▶ Try it:
Nothing but the lines from the first line of the records below to the line holding "White faux paper" belongs in the answer, copied exactly and without pictures.

*** Data ***

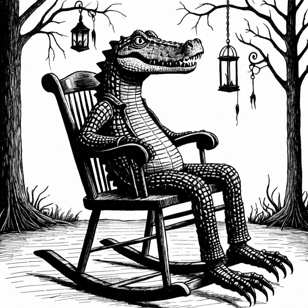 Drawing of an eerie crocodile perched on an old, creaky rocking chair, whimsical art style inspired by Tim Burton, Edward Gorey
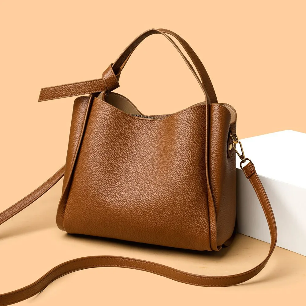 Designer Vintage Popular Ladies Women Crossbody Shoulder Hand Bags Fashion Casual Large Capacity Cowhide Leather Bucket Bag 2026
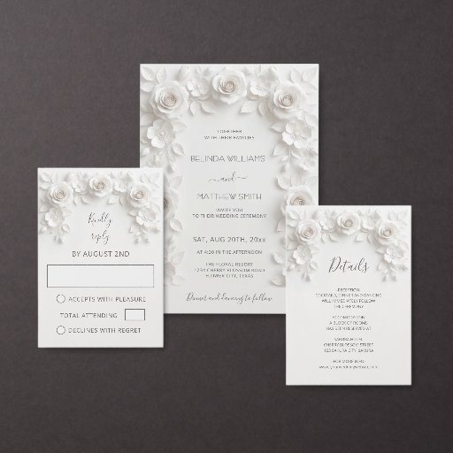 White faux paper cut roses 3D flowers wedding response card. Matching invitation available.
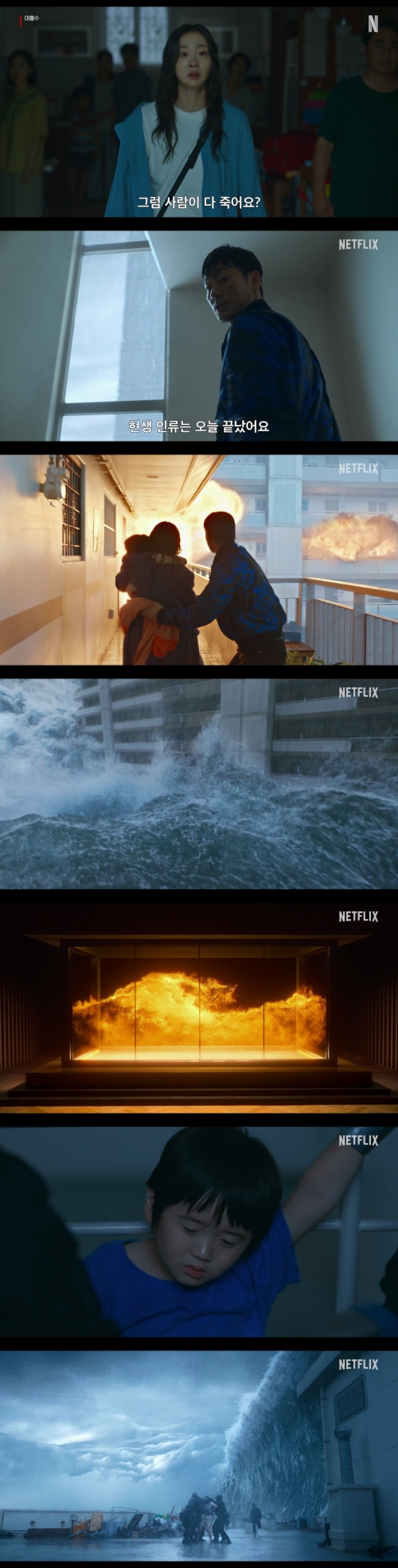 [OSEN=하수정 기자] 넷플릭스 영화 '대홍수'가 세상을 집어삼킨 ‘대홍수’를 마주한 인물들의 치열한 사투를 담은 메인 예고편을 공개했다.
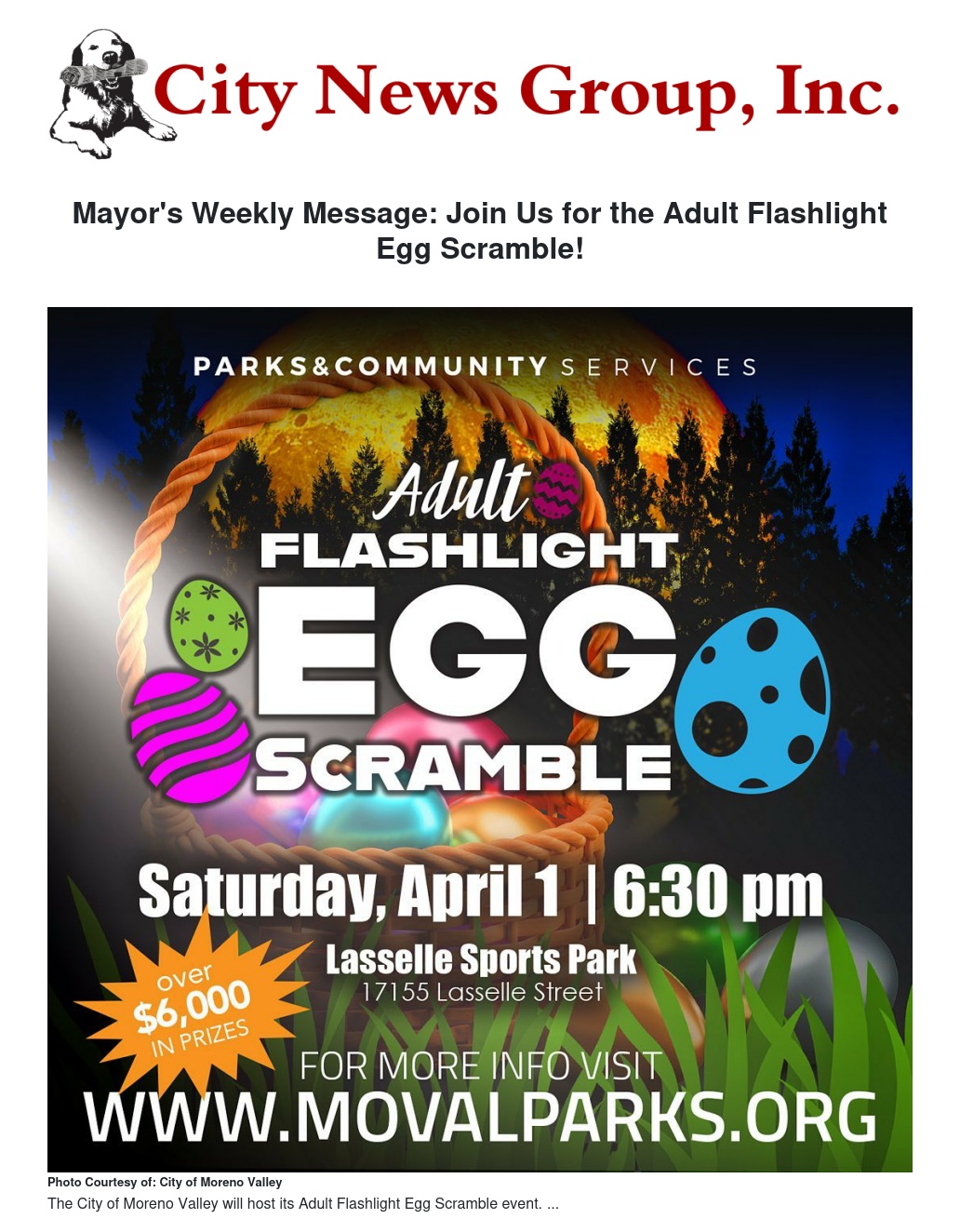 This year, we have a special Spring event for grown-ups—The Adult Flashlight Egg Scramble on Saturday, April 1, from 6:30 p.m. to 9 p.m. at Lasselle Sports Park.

*** End of Data ***

▶ Finished exercise:
 Drawing of an eerie crocodile perched on an old, creaky rocking chair, whimsical art style inspired by Tim Burton, Edward Gorey
 Designer Vintage Popular Ladies Women Crossbody Shoulder Hand Bags Fashion Casual Large Capacity Cowhide Leather Bucket Bag 2026
 White faux paper cut roses 3D flowers wedding response card. Matching invitation available.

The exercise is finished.